# Introduction to PyDaddy

`pydaddy` is a Python toolbox to derive stochastic differential equations (SDEs) from time-series data. Given samples of a time-series $x(t)$, `pydaddy` attempts to fit functions $f$ and $g^2$ such that

$$ \frac{dx}{dt} = f(x) + g(x) \cdot \eta(t) $$

where $\eta(t)$ is uncorrelated white noise. The function $f$ is called the _drift_, and governs the deterministic part of the dynamics. $g^2$ is called the _diffusion_ and governs the stochastic part of the dynamics.

PyDaddy estimates the drift function $f$ directly. For diffusion, PyDaddy estimates $g^2$ and not $g$.

In [None]:
# Execute this cell to set up PyDaddy in your Colab environment.
%pip install git+https://github.com/tee-lab/PyDaddy.git

In [None]:
import pydaddy

## Initializing a `pydaddy` object

To start analysis, we need to create a `pydaddy` object with our dataset. This will compute the drift and diffusion parts, and generate a summary plot. To initialize a `pydaddy` object, we need to provide the following arguments:
 - `data`: the timeseries data, could be either one or two dimensional. This example will deal with 1D data, see [Getting Started with Vector Data](./2_getting_started_vector.ipynb) for a 2D example. `pydaddy` assumes that the samples are evenly spaced. `data` should be a list of Numpy arrays; with one array for the scalar case, and two arrays for the vector case.
 - `t`: This could either be scalar, denoting the time-interval between samples, or an array denoting the timestamp of each sample.
 - `bins`: The number of bins to use for computing the average drift and diffusion. Binning is only done for visualization purposes.
 
There are also other optional arguments: see [documentation](https://pydaddy.readthedocs.io/api.html) for detailed descriptions of all arguments.
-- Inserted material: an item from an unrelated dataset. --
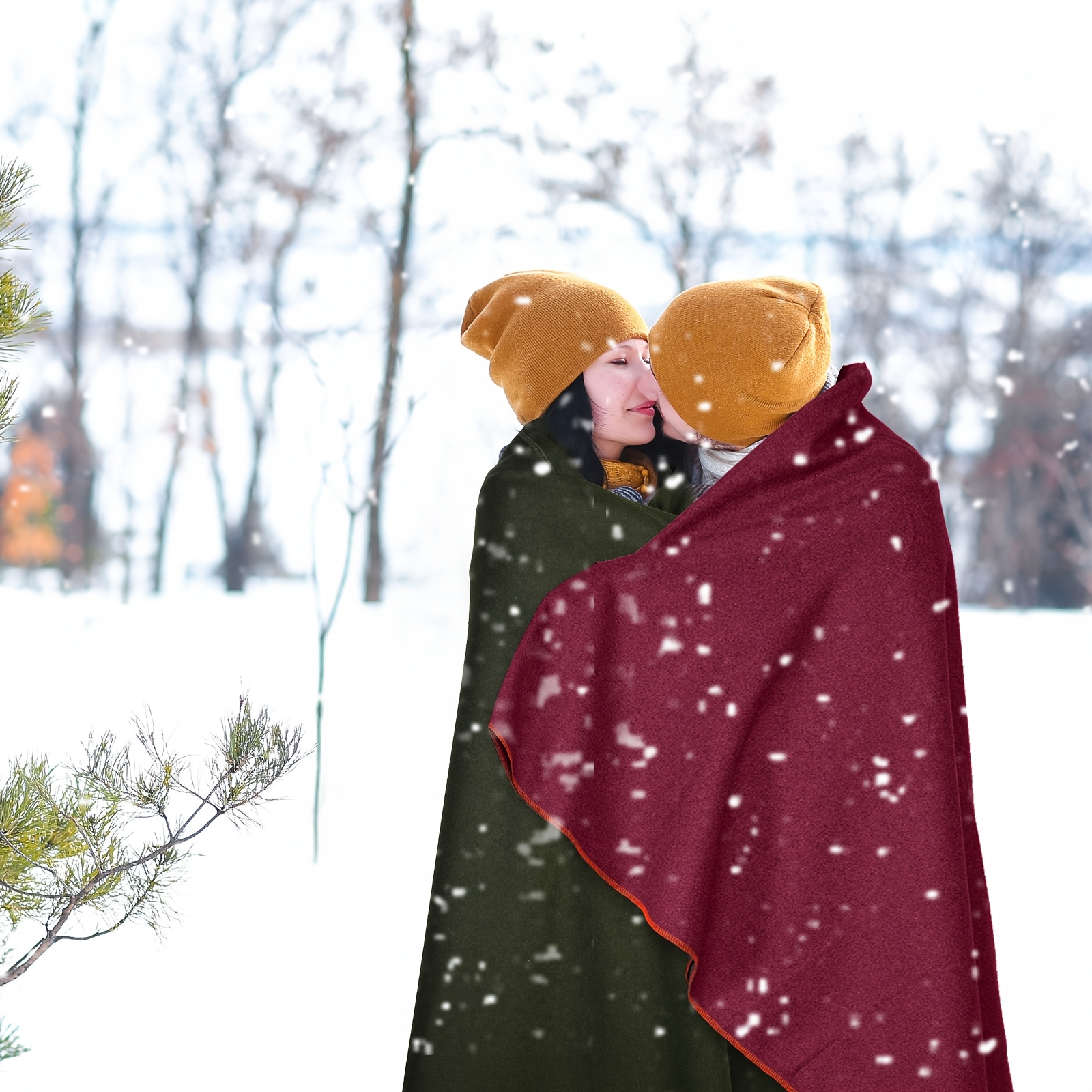2pcs Military Wool Blankets 64" x 88" - Thick Thermal Camping & Survival Blankets, 3.3 Lbs Each, Machine Washable, Wine Red & Army Green, Perfect for Outdoor Adventures, Hiking, and Emergency Kits, Outdoor Survival Gear | Mil

This example uses a sample dataset, loaded using a helper function. For details about data formats and loading/saving data, see [Exporting Data](./5_exporting_data.ipynb).

In [None]:
data, t = pydaddy.load_sample_dataset('model-data-scalar-pairwise')
ddsde = pydaddy.Characterize(data, t, bins=20)

`pydaddy.Characterize` initializes a `ddsde` object which can be used for further analysis. It also produces summary plots, showing the time-series, histograms, and the estimated drift and diffusion functions.

`pydaddy` can automatically try to fit polynomial functions if called with argument `fit_functions=True`. However, for best results, it is recommended to do the fitting separately, with some level of manual intervention. See [Advanced Function Fitting](./3_advanced_function_fitting.ipynb)  for more details.

## Recovering functional forms for $f$ and $g$

`pydaddy` has a `fit()` function which can recover functional forms for the drift and diffusion functions, using sparse regression. By default, `pydaddy` fits polynomials (of a specified degree), but it is possible to fit arbitrary functions by specifying a custom library (see [Fitting Non-Polynomial Functions](./6_non_poly_function_fitting.ipynb)).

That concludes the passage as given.